Returns a single AsyncValue that is success when all inputs are success. It works on both lists and objects.

The state of the resulting value is determined as followed:

• If all inputs are in success state, then the result is in success state. This include empty arrays/objects.
• If any input is in error state, then the result is in error state.
• Otherwise, the result is in pending state.

This function combines errors in a similar way as values. E.g. all([error("x"), pending()]) -> error(["x", null])

Examples

all([]) === success([])
all([success(1), success(2)]) === success([1,2])
all([success(1), pending()]) === pending()
all([success(1), error('x')]) === error([null, 'x'])
all([pending(), error('x')]) === error([null, 'x'])
all([error('x'), error('y')]) === error(['x', 'y'])

all({}) === success({})
all({ a: success(1), b: success(2)}) === success({a: 1, b: 2})
all({ a: success(1), b: pending()}) === pending()
all({ a: success(1), b: error('x')}) === error({a: null, b: 'x'})
all({ a: pending(), b: error('x')}) === error({a: null, b: 'x'})
all({ a: error('x'), b: error('y')}) === error({a: 'x', b: 'y'})

some([values])/some({ values })

some([AsyncValue<T1>, AsyncValue<T2>, ...]): AsyncValue<[T1?, T2?, ...]>
some({ a: AsyncValue<T1>, b: AsyncValue<T2>, ... }) : AsyncValue<{ a: T1?, b: T2?, ... }>

Returns a single AsyncValue that is success when any of the inputs is success. It works on both lists and objects.

The state of the resulting value is determined as followed:

• If any inputs is in success state, then the result is in success state.
• If all inputs are in error state, then the result is in error state. This includes empty arrays/objects.
• Otherwise, the result is in pending state.

Examples

some([]) === pending()
some([success(1), success(2)]) === success([1,2])
some([success(1), pending()]) === success([1, null])
some([success(1), error('x')]) === success([1, null])
some([pending(), error('x')]) === pending()
some([error('x'), error('y')]) === error('x', 'y')

some({}) === pending()
some({ a: success(1), b: success(2)}) === success({a: 1, b: 2})
some({ a: success(1), b: pending()}) === success({a: 1, b: null})
some({ a: success(1), b: error('x')}) === success({a: 1, b: null})
some({ a: pending(), b: error('x')}) === pending()
some({ a: error('x'), b: error('y')}) === error({a: 'x', b: 'y'})

value.flatMap()

AsyncValue<T>.flatmap<R>(mapper: (value: T) => AsyncValue<R>): AsyncValue<R>

value.map flatmaps a success value using the given mapping function. Pending and error values are returned unchanged. This is useful to combine multiple async values, or to chain them.

Examples

const mapToPending = val => pending();

success("hello world").map(mapToPending) === pending()
pending().map(mapToPending) === pending()
error(err).map(mapToPending) === error(err)

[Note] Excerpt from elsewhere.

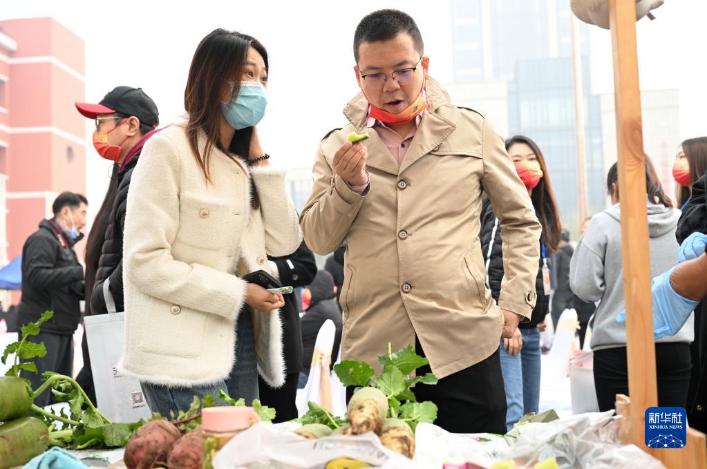 在天津市西青區辛口鎮第十五屆沙窩蘿卜文化旅游節上,參觀(guān)者在品嘗沙窩蘿卜(11月18日攝)。

const fail = val => { throw new Error("oops"); }

success("hello world").map(fail) === error(new Error("oops"))
pending().map(stringlength) === pending()
error(err).map(stringlength) === error(err)

Chaining:

function getUser() : AsyncValue<User> { /* ... */ }
function getMessages(userId: number) : AsyncValue<Messages> { /* ... */ }

const asyncMessages = getUser()
  .flatMap(user => getMessages(user.id));

asyncMessages.resolve({
  loading: () => <h1>loading messages...</h1>,
  success: (messages) => <h1>You got { messages.length } new messages</h1>,
  error: () => <h1>Could not get your messages</h1>
});

value.map()

AsyncValue<T>.map<R>(mapper: (value: T) => R): R

value.map maps a success value using the given mapping function. Pending and error values are returned unchanged.

Examples

const stringlength = val => val.length;

success("hello world").map(stringlength) === success(11)
pending().map(stringlength) === pending()
error(err).map(stringlength) === error(err)

const fail = val => { throw new Error("oops"); }

success("hello world").map(fail) === error(new Error("oops"))
pending().map(stringlength) === pending()
error(err).map(stringlength) === error(err)

value.flatMapError()

AsyncValue<T>.flatMapError<R>(mapper: (error: unknown) => AsyncValue<R>): AsyncValue<R>

Same as flatMap, but instead maps when the AsyncValue is in error state. An example use case is to provide a fallback for a failed operation.

Examples

const mapToPending = val => pending();

success("hello world").flatMapError(mapToPending) === success("hello world")
pending().flatMapError(mapToPending) === pending()
error(err).flatMapError(mapToPending) === pending()

As fallback:

const user = loadUserFromCache()
  .flatMapError(err => {
    console.log("Could not load the user from cache, loading from API instead");
    return loadUserFromApi();
  });

value.mapError()

AsyncValue<T>.mapError(mapper: (error: unknown) => unknown): AsyncValue<T>

Same as map, but instead maps the error value. This can be useful to map error codes to human readable messages.

Examples

const codeToMessage = {
  404: "The requested resource does not exist",
  500: "Oops, something went wrong"
}

const errorToMessage = (err: unknown) => return codeToMessage[err.statusCode || 500);

success("hello world").mapError(errorToMessage) === success(11)
pending().map(errorToMessage) === pending()
error({ statusCode: 404 }).map(errorToMessage) === error("The requested resource does not exist")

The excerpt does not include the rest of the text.